> _Task directions_:
Required from the data below: the exact lines starting at the line containing "Ilustração 77: Batucadeiras." and ending at the line containing "短い雪渓を横断する箇所があります。スリップに注意して歩きましょう。", with both ends kept and all pictures dropped.

> _Given information_:
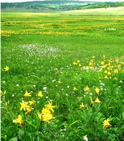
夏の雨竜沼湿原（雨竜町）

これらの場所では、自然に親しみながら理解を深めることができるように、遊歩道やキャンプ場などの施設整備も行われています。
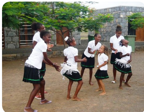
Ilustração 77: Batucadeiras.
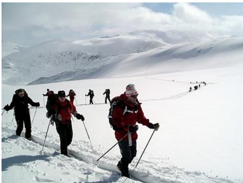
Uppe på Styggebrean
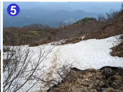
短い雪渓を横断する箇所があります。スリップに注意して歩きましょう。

...

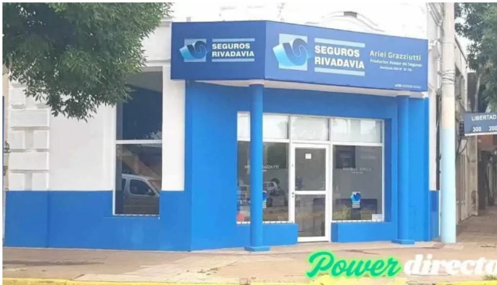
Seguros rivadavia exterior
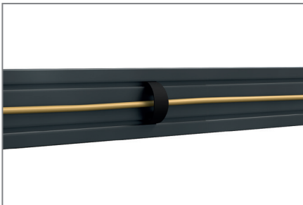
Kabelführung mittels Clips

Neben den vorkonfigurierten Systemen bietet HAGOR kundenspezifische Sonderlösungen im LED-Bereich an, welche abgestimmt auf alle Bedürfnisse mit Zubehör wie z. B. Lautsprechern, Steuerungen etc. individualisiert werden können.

...

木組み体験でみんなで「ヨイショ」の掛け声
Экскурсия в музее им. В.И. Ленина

> _Solved exercise_:
Ilustração 77: Batucadeiras.
Uppe på Styggebrean
短い雪渓を横断する箇所があります。スリップに注意して歩きましょう。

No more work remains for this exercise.